Globally, not much is being done to deal with snakebite in Africa either, Chippaux agrees. “In any case all actions are paralysed until the means to implement them are available, but I think that the initiatives should come from Africa itself,” he says. However, there are some examples of successful partnerships that could bring relief to Africa. Snapp is the first medical decision‐making support tool for snake identification based on artificial intelligence and remote collaborative expertise. Being developed at the Institute of Global Health, at the University of Geneva, it has special value for Africa with its vast variety of snakes.

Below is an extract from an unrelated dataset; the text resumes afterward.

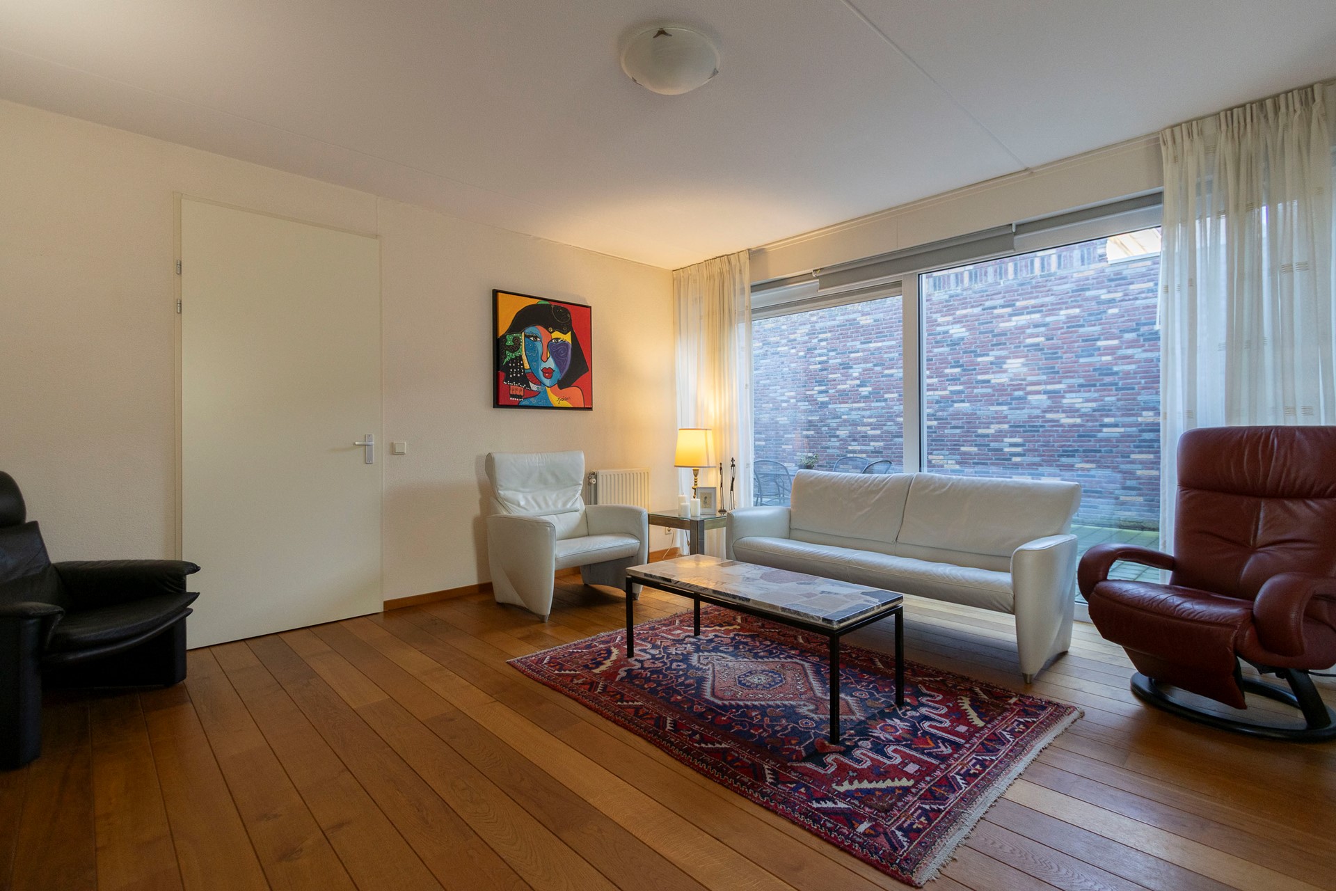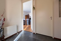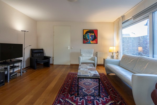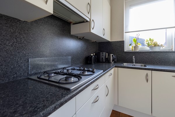 Je betreedt de woning via de hal, die toegang biedt tot de meterkast, berging, woonkamer en houten trap. De lichte woonkamer, met houten vloer, valt op door de brede schuifpui naar de patio-tuin en de prettige hoeveelheid daglicht die hierdoor binnenvalt. Aangrenzend bevindt zich de open keuken, uitgerust met diverse inbouwapparatuur zoals een koelkast, vaatwasser, oven en 4-pits gasfornuis.

Snapp aims to build a global photo repository of venomous and non-venomous snakes. But thousands of snake photos would be needed to develop and train the machine learning algorithm to make it capable of identifying snakes taxonomically, its developers say.
A partnership between the Nigerian health ministry, the Liverpool School of Tropical Medicine, Oxford University, Costa Rica’s Instituto Clodomiro Picado and Micropharm, a UK-based antivenom manufacturer, has resulted in an antivenom currently in clinical use. Such international partnerships hold out hope in an otherwise bleak scenario.
This article was produced by SciDev.Net Global edition.